→ **WORK ORDER**: Please, from the entries below, transcribe exactly the lines that begin at the line with "نظام آباد پہونچ" and end at the line with "This image depicts", without the pictures.
::: DATA SUPPLIED :::
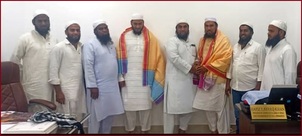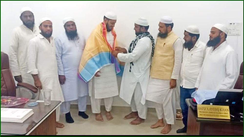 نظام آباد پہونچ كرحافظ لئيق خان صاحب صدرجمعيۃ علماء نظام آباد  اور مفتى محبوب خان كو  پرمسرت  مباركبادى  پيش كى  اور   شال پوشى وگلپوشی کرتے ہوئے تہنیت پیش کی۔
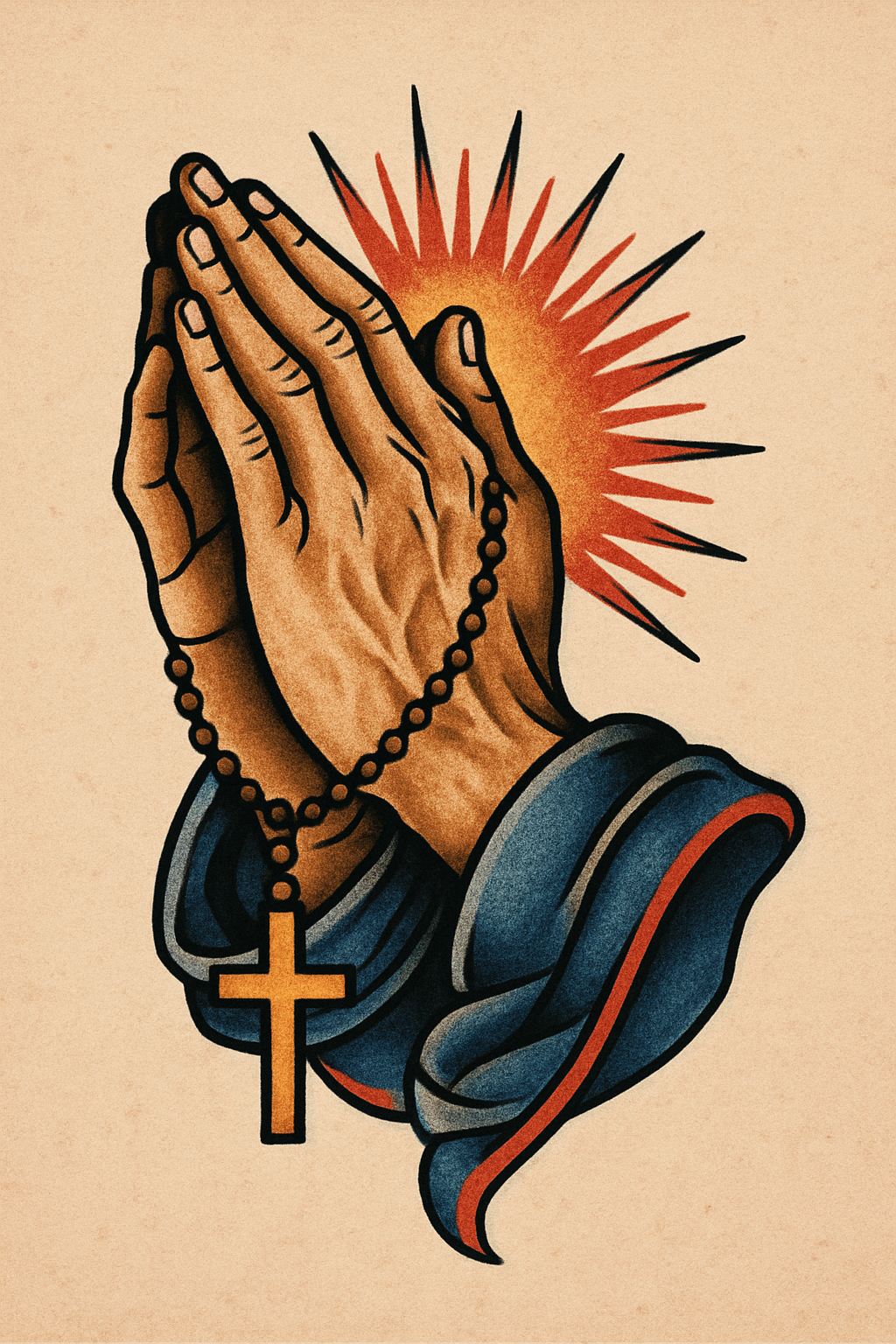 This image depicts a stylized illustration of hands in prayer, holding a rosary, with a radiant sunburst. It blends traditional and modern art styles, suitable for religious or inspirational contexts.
:::
::: DATA SUPPLIED :::
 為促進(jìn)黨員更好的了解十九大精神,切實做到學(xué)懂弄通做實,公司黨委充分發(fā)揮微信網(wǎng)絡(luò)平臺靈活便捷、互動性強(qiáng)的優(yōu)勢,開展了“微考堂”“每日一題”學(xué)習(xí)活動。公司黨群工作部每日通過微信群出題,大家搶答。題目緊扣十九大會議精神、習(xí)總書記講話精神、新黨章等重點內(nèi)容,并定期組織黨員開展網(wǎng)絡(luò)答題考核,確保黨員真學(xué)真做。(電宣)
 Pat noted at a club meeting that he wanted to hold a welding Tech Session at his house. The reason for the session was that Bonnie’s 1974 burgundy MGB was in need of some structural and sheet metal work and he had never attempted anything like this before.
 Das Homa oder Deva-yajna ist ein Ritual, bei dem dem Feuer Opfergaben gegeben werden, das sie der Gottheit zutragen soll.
:::
::: DATA SUPPLIED :::
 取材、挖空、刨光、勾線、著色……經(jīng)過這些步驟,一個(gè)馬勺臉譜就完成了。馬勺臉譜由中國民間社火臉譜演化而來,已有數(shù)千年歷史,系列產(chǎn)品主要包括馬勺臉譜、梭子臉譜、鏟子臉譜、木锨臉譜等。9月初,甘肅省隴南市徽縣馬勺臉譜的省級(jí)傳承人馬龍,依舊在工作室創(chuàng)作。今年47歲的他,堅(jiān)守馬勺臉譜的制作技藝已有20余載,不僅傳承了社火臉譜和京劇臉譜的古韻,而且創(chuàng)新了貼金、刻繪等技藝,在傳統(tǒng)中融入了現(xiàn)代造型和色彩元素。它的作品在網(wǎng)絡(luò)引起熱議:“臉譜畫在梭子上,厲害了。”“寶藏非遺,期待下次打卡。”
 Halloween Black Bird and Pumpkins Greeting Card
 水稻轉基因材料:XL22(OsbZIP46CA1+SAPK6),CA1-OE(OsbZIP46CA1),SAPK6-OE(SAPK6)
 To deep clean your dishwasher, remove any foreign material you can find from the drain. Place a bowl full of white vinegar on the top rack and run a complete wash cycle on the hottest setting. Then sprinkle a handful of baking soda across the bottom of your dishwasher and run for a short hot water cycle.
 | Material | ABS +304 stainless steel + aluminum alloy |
:::
→ **EXERCISE OUTPUT**:
 نظام آباد پہونچ كرحافظ لئيق خان صاحب صدرجمعيۃ علماء نظام آباد  اور مفتى محبوب خان كو  پرمسرت  مباركبادى  پيش كى  اور   شال پوشى وگلپوشی کرتے ہوئے تہنیت پیش کی۔
 This image depicts a stylized illustration of hands in prayer, holding a rosary, with a radiant sunburst. It blends traditional and modern art styles, suitable for religious or inspirational contexts.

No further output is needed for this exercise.